COLLECTED DATA –
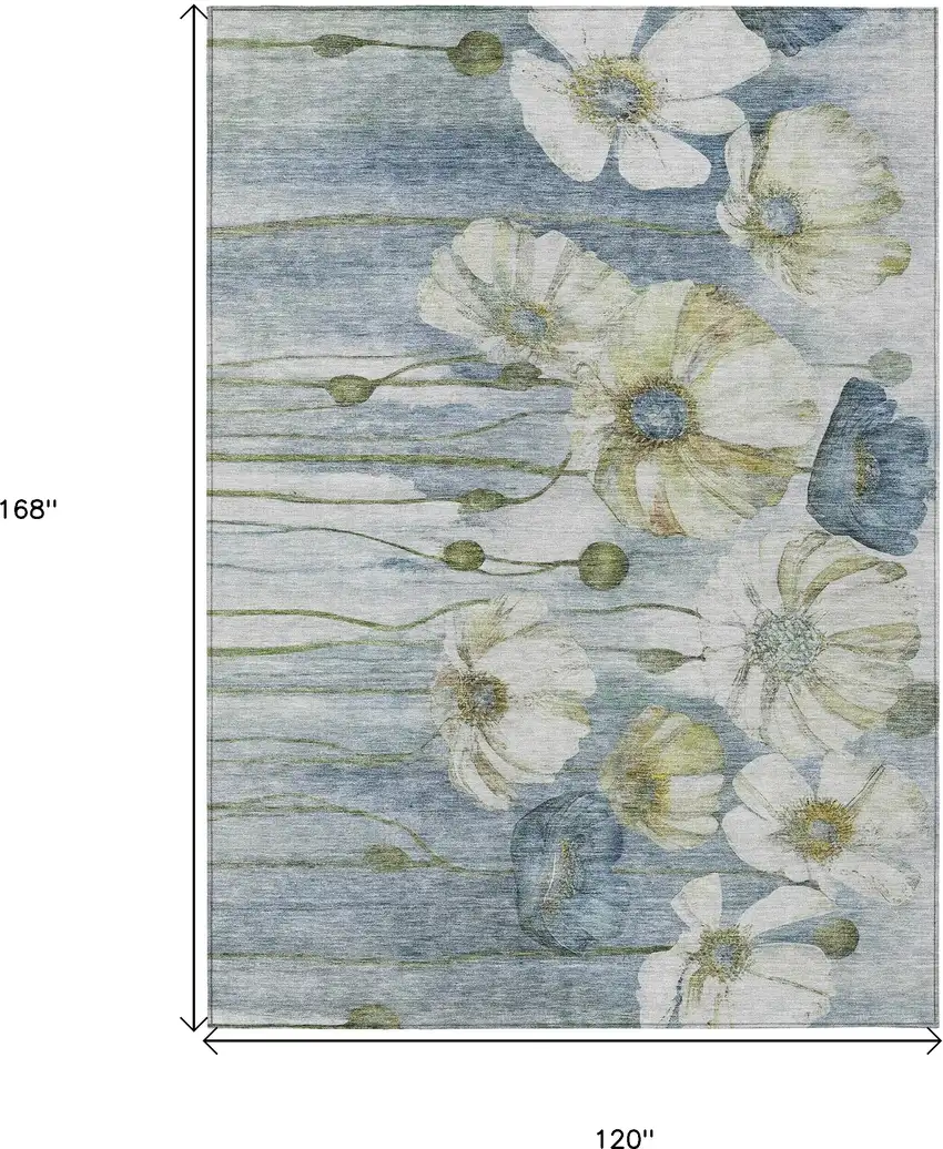 Add great coloration and comfortable texture to your space with this 10-foot x 14-foot denim blue and sky blue floral washable indoor outdoor area rug. This rectangle shaped rug features a floral design that will work well both indoors or out. A classic shape marries with good looking design for your living room, hall, bedroom, porch, patio, or poolside. Ideal for outdoor spaces or high traffic areas with kids and pets, this rug is made from heavy duty polyester that is stain resistant to help repel water, dirt, and stains. Makes a great way to dress up your patio, porch, or poolside, but also works well as a durable and easy to maintain option in the kitchen, family room, or mudroom. 120-inch h x 168-inch w x 0.19-inch d.
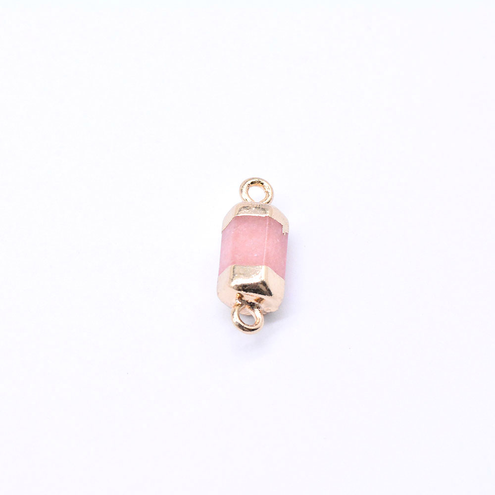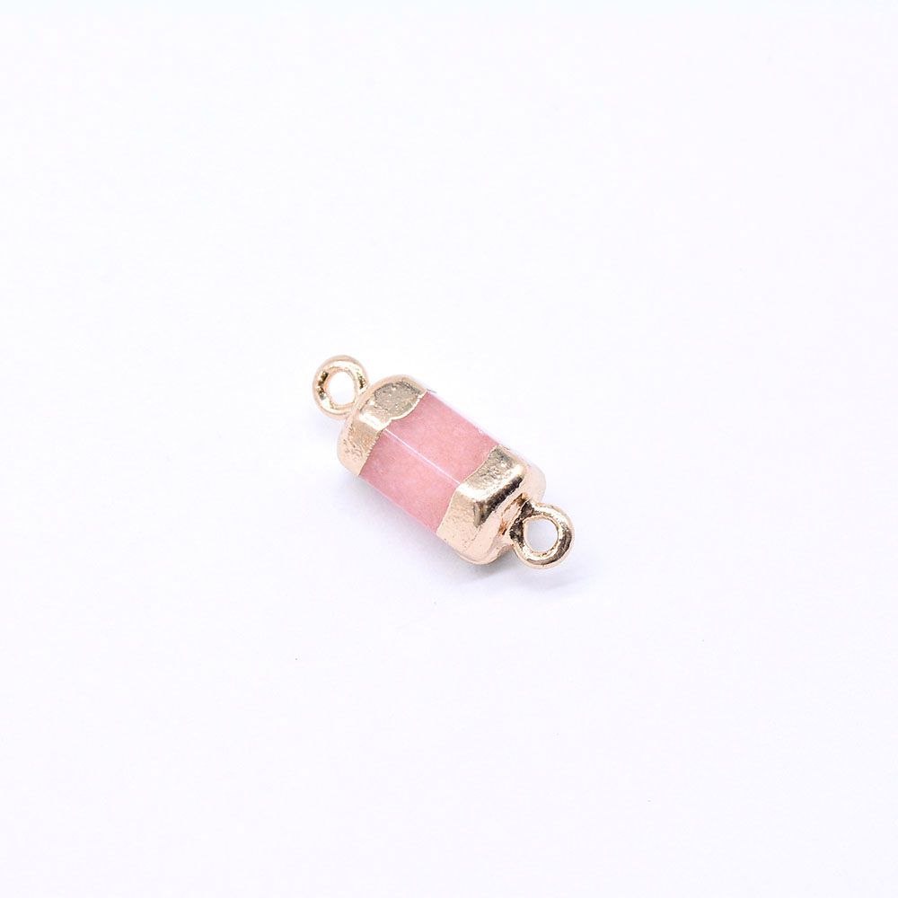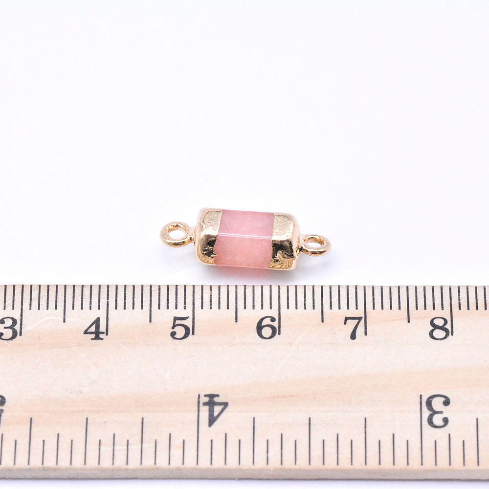 天然石コネクターチャーム ローズクォーツ 円柱 2カン 7×20mm ゴールド (1ヶ)
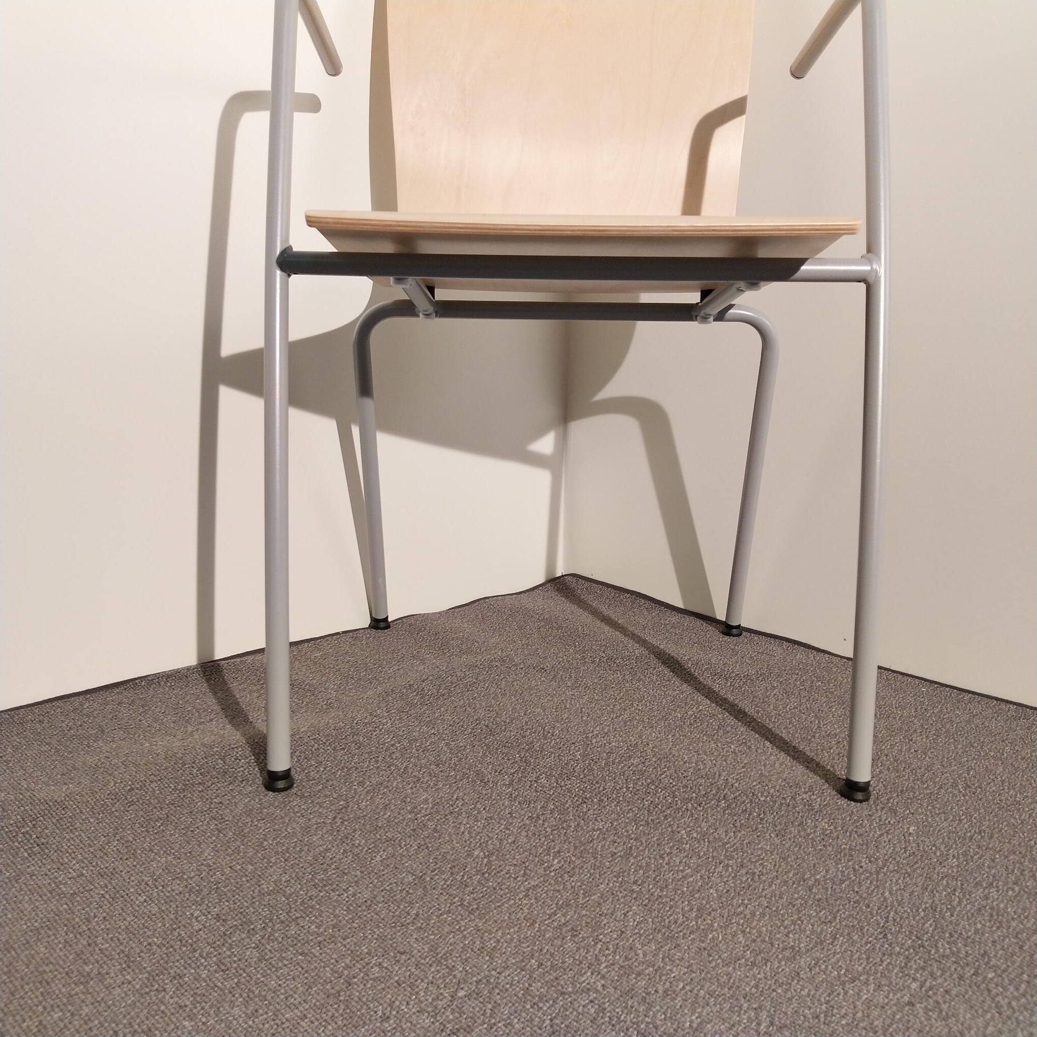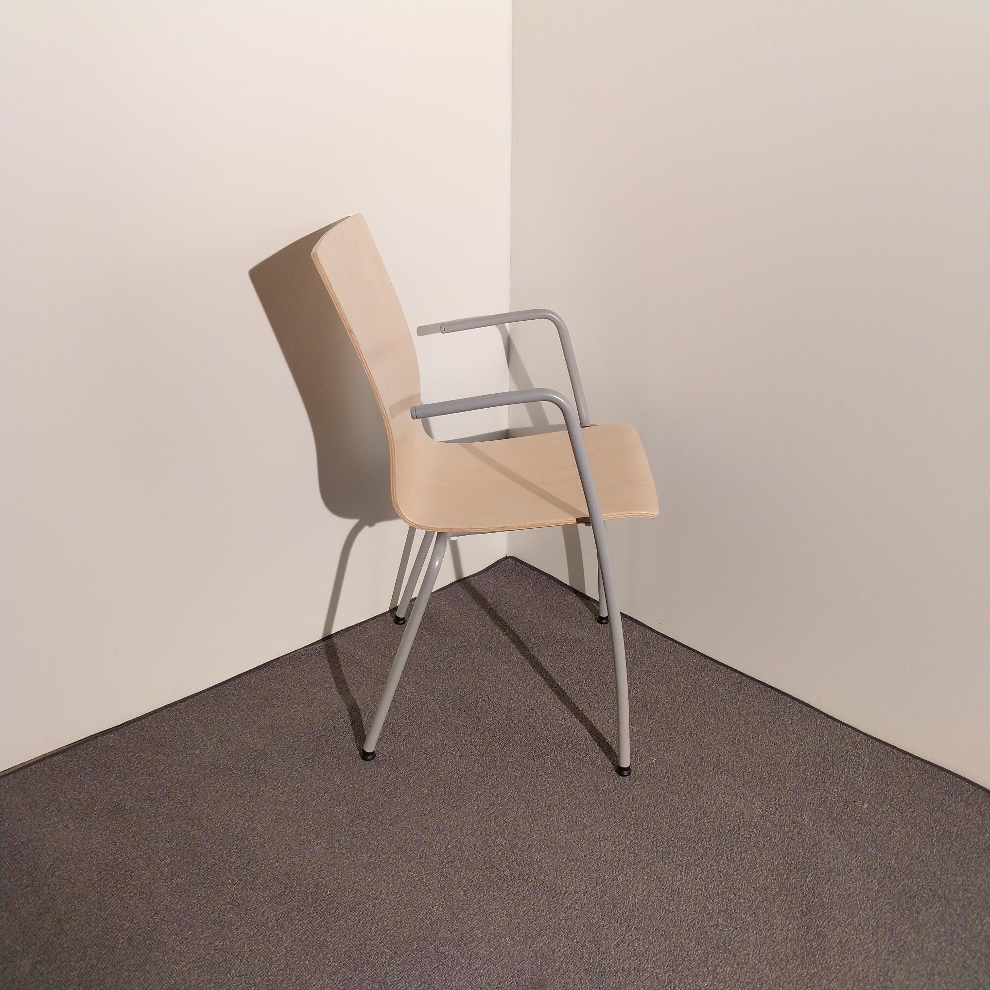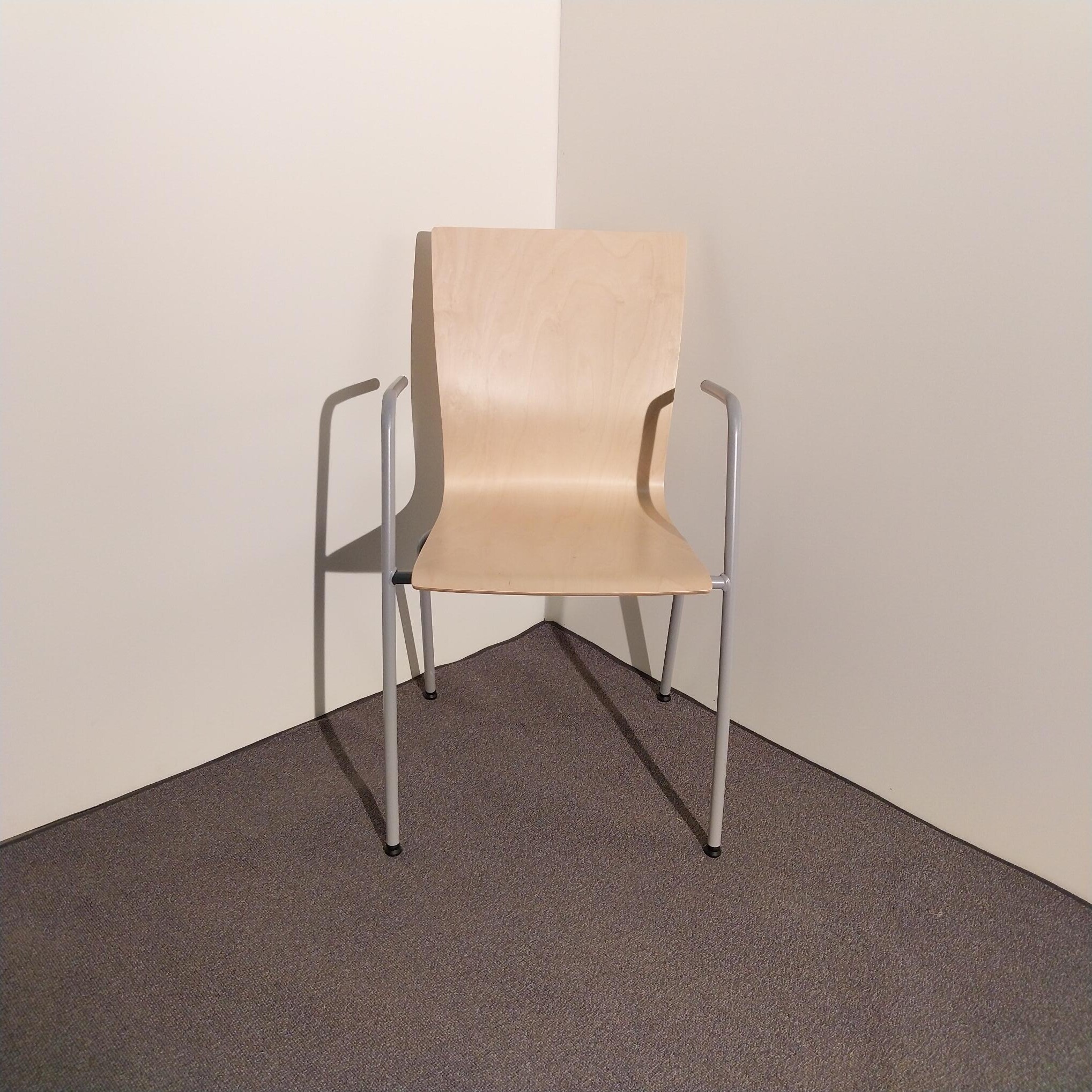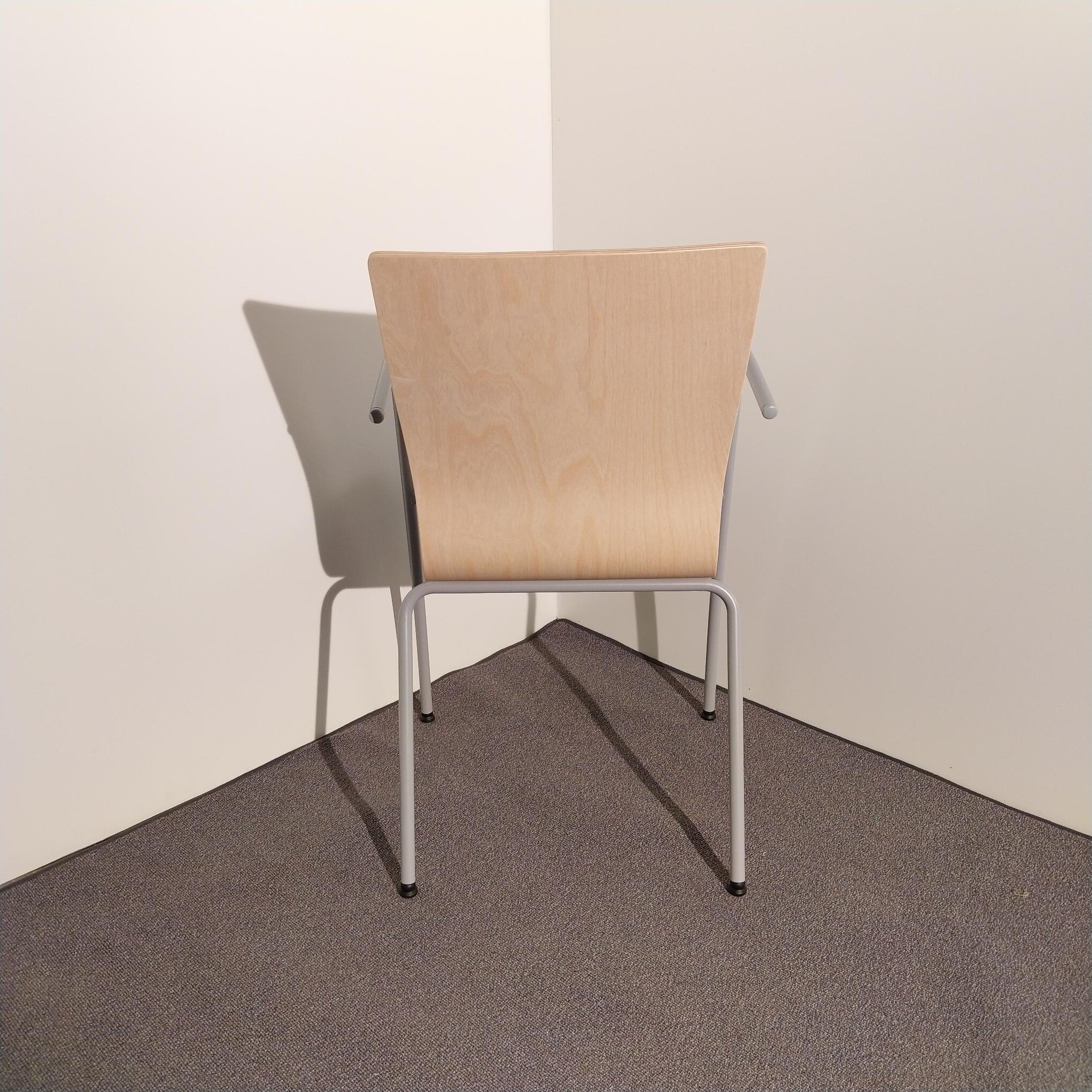 Seat and back in wood (birch). Legs in metal (silver).

AIM OF THE TASK –
Line for line, restate the data above and omit every picture.

SOLUTION BELOW –
 Add great coloration and comfortable texture to your space with this 10-foot x 14-foot denim blue and sky blue floral washable indoor outdoor area rug. This rectangle shaped rug features a floral design that will work well both indoors or out. A classic shape marries with good looking design for your living room, hall, bedroom, porch, patio, or poolside. Ideal for outdoor spaces or high traffic areas with kids and pets, this rug is made from heavy duty polyester that is stain resistant to help repel water, dirt, and stains. Makes a great way to dress up your patio, porch, or poolside, but also works well as a durable and easy to maintain option in the kitchen, family room, or mudroom. 120-inch h x 168-inch w x 0.19-inch d.
 天然石コネクターチャーム ローズクォーツ 円柱 2カン 7×20mm ゴールド (1ヶ)
 Seat and back in wood (birch). Legs in metal (silver).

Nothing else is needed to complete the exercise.